Notable Slovenian tennis players include Grega Žemlja, Tamara Zidanšek, Katarina Srebotnik, Blaž Kavčič, Polona Hercog, Maša Zec Peškirič and Nastja Kolar.

===Canoeing and kayaking===
Slovenia has won numerous titles in canoeing and kayaking and hosts competitions at Tacen Whitewater Course. The most successful canoeists and kayakers are Peter Kauzer and Benjamin Savšek.

===Mountain climbing===
Slovenia has a major presence in alpinism, with notable Slovene alpinists including Tomaž Humar, Tomo Česen, Julius Kugy, Jakob Aljaž, Klement Jug, Davo Karničar, Nejc Zaplotnik, Miha Valič, Aljaž Anderle, Viki Grošelj, Pavle Kozje, and Igor Škamperle.

===Rowing===
Since Slovenia's independence in 1991, rowers have found excellent results in international competition. Notable rower in Slovenia include Iztok Čop, Milan Janša, Jani Klemenčič, Rok Kolander, Sašo Mirjanič, Sadik Mujkić, Miha Pirih, Matjaž Pirih, Denis Žvegelj, Matej Prelog and Luka Špik.

===Climbing===

Since the mid-2000s, Slovenia has had some of the most successful sports climbers in the world, including Mina Markovič and Janja Garnbret who won the overall lead and overall combined titles in multiple consecutive years each. Garnbret also won gold at the first ever Olympic sport climbing competition at the 2020 Summer Olympics, and successfully defended her title at the 2024 Summer Olympics. Other notable athletes are Jernej Kruder, Domen Škofic, Luka Potočar, Natalija Gros, Martina Čufar, Mia Krampl, Katja Debevec, Lučka Rakovec and Vita Lukan.

==Olympics==

Slovenia has achieved impressive Olympic success relative to its size, having earned 31 medals (ten gold, ten silver and eleven bronze) at nine Summer Olympics, and 28 medals (six gold, nine silver and thirteen bronze) at ten Winter Olympics. At the 2010 Winter Olympics in Vancouver, Slovenia's three medals, at roughly one medal for every 681,000 Slovenes, was the third best per capita medal ratio behind only Norway and Austria.
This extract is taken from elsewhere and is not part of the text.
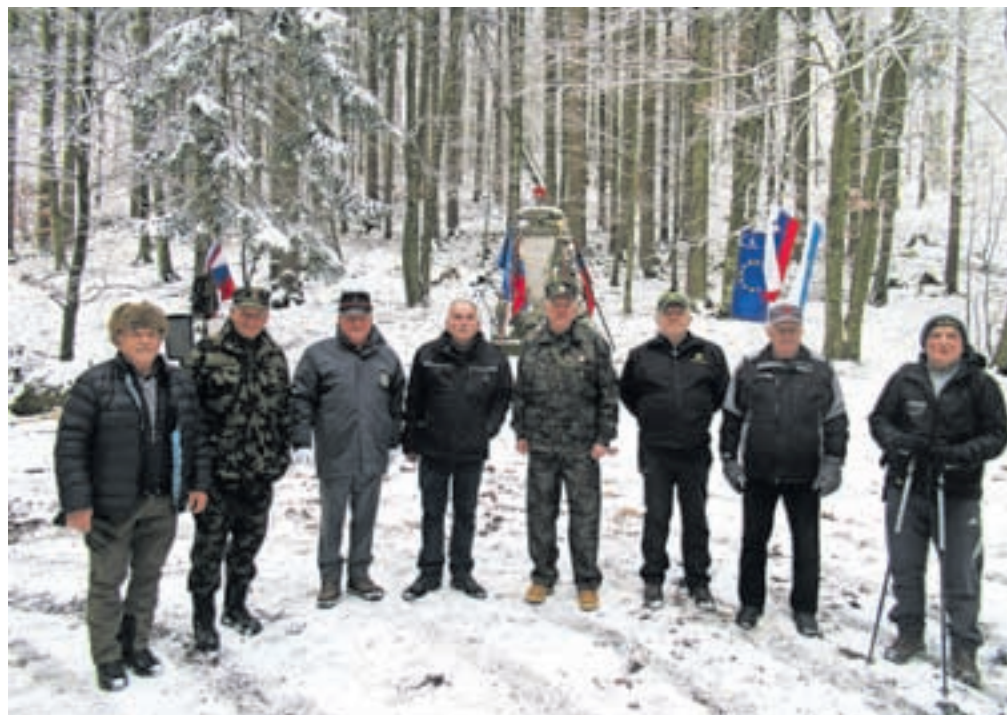
Člani OZSČ Kamnik - Komenda na Kostavski planini

Prior to 1991, Slovenian athletes competed for other countries. The first medal won by an ethnic Slovenian was Rudolf Cvetko, who won silver in fencing in 1912 representing Austria. After World War I, when the Habsburg monarchy collapsed and the Kingdom of Yugoslavia was formed, Slovenian athletes won all of their medals for the Kingdom of Yugoslavia. At the 1924 Summer Olympics, Leon Štukelj won two gold medals in gymnastics. At the 1928 Summer Olympics, Štukelj won a gold medal, Josip Primožič won a silver medal and Stane Derganc won a bronze medal. In addition, their team won bronze in the team event. At the 1936 Summer Olympics in Berlin, Štukelj, at the age of 38, won the silver at men's rings. After World War II, Slovenians would continue to win Olympic medals under the Yugoslav flag.

==Mediterranean Games==

Slovenia has competed in the Mediterranean Games since 1993. It is ranked twelfth in the all-time rankings and as of 2016, Slovenia has won 136 medals (40 gold, 39 silver and 57 bronze).